I turned 69 this year.

When I was first diagnosed, they really didn't give my parents much hope that I would even live to be 20. I actually was waiting to die, and so when I didn't die by 32, I was like, "Okay, I'm gonna tear it up." Let's talk about sickle cell disease, but before we get there, we have to start at the beginning. I was about to say, what would you like to know first, really? It's been a, this has been a lifetime of experiences since a child, in and out of hospitals, you know, near-death experiences, the whole thing. It just means more relatable stories that get to come. Everyone who gets the opportunity to experience this, to see the beautiful imagery of these individuals, that they feel the power of people living with sickle cell disease.

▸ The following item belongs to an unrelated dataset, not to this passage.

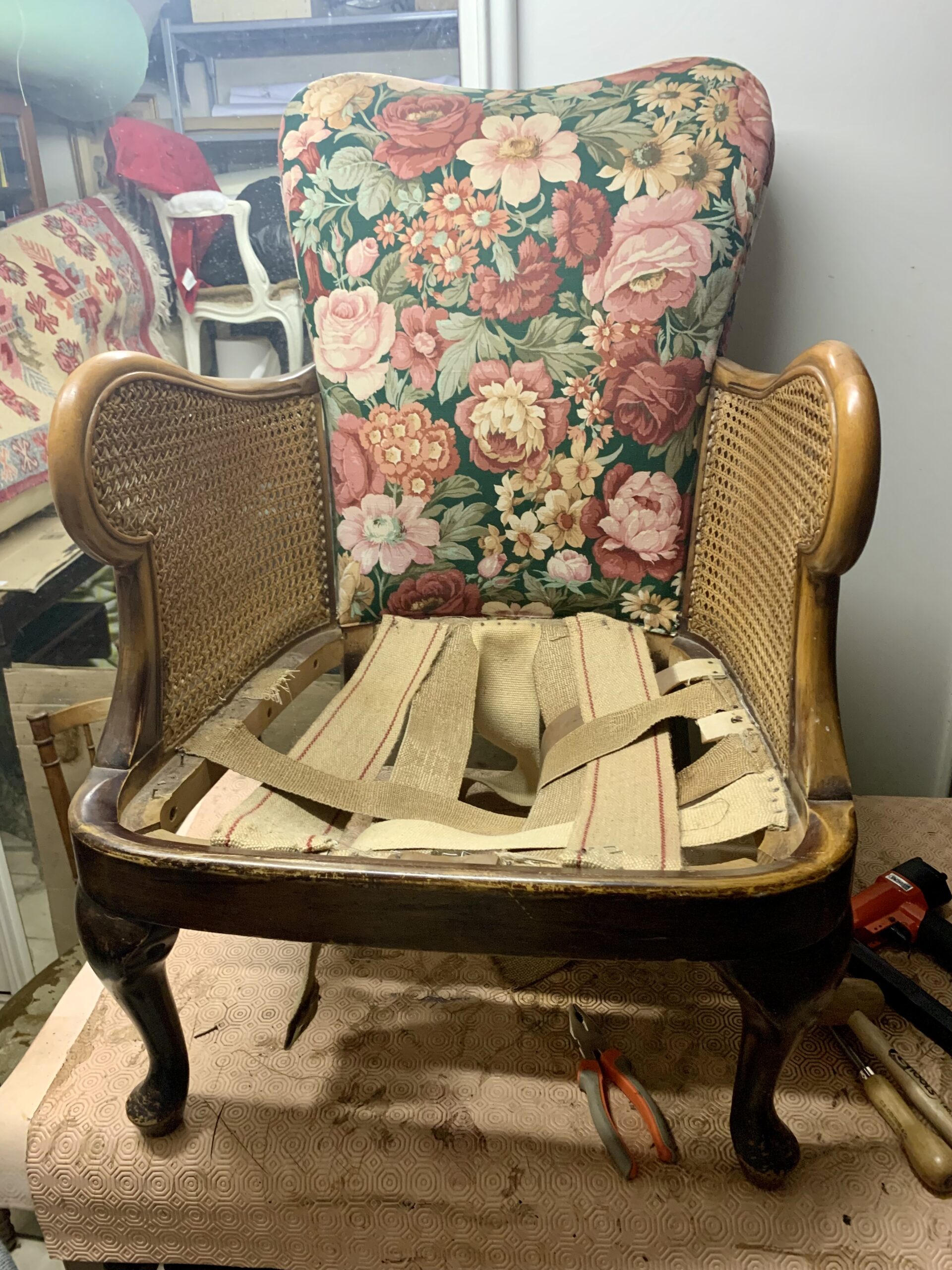 Réfection traditionnelle en crin & ressorts pour ce fauteuil crapaud

When I say a challenge, it's times where you're not normal, when the world around you is normal, in a sense. So it's more on the side of living outside the box while everybody lives inside. Thank you. Thank you, thank you. We are incredibly proud, to do the work. I think we all h-here, many of us in this room, we're trying to do good work and advance healthcare, and it's a beautiful thing. So 30 minutes goes by faster than you think. It sure does. You say your name, and then 30 minutes is up. I don't know if we have time, if there's any one or two questions to be answered.

She said one. Okay, not two, but one. We have one. Thank you. All right. On our way, on our way. Okay. I don't have a question, I just wanted to, share a story. a year and a half ago, I lost one of my closest friends, and she had the sickle cell trait, and she knew that she had the sickle cell trait.

She would always talk about it when we were in college, you know, "You know I have the sickle cell trait." But she never, she was never educated around what that could mean, right? And so, looking back now, about a year and a half ago, she started going into menopause, 55 years old, started menopause. obviously that came with the hot flashes and the night sweats. she ended up getting really bad back pain and going to the hospital, where they found a massive tumor on her kidney. And- Oh this was in a c- a city, not with a great teaching hospital, anything like that, but she went two hours away into, to a teaching hospital.

They still could not identify what was going on, and it was renal cell carcinoma- Carcinoma as a result of overheating- The cell trait while having the sickle cell trait. And I remember reading every paper imaginable, because I was trying to find a, a clinical trial. We found one at MD Anderson, and I said, "Okay, if you are..." 'Cause I was doing these phone calls myself. I'm in, I'm in pharma. so I said, "If you can get comfortable enough, I will fly you and your husband so that you get there." and, unfortunately, she never left the hospital after that. So I, I share that because that is the unknown, not-- There's probably m- more understood by patients that have sickle cell, because there's education, this is what you can expect.

but certainly even just having the trait, not knowing what to expect. So, and, and honestly, I don't think her physicians actually identified, that it was the overheating that she was experienced through menopause.

We did our own research, 'cause she was in pharma too, so we were both reading through the papers, and that was our hypothesis and, shared it with the doctor later that said, "Yeah, that probably was it." I am so sorry for your loss. I really am, and that's, it is a rare cancer, but it's classic for sickle cell trait, and it's pretty lethal. So I sincerely, I, I mean, I really em-empathize with the family, and you're right. The knowledge, the awareness needs to go beyond just the disease, but also the risk factors that people who have trait also suffer. Thank you for sharing that.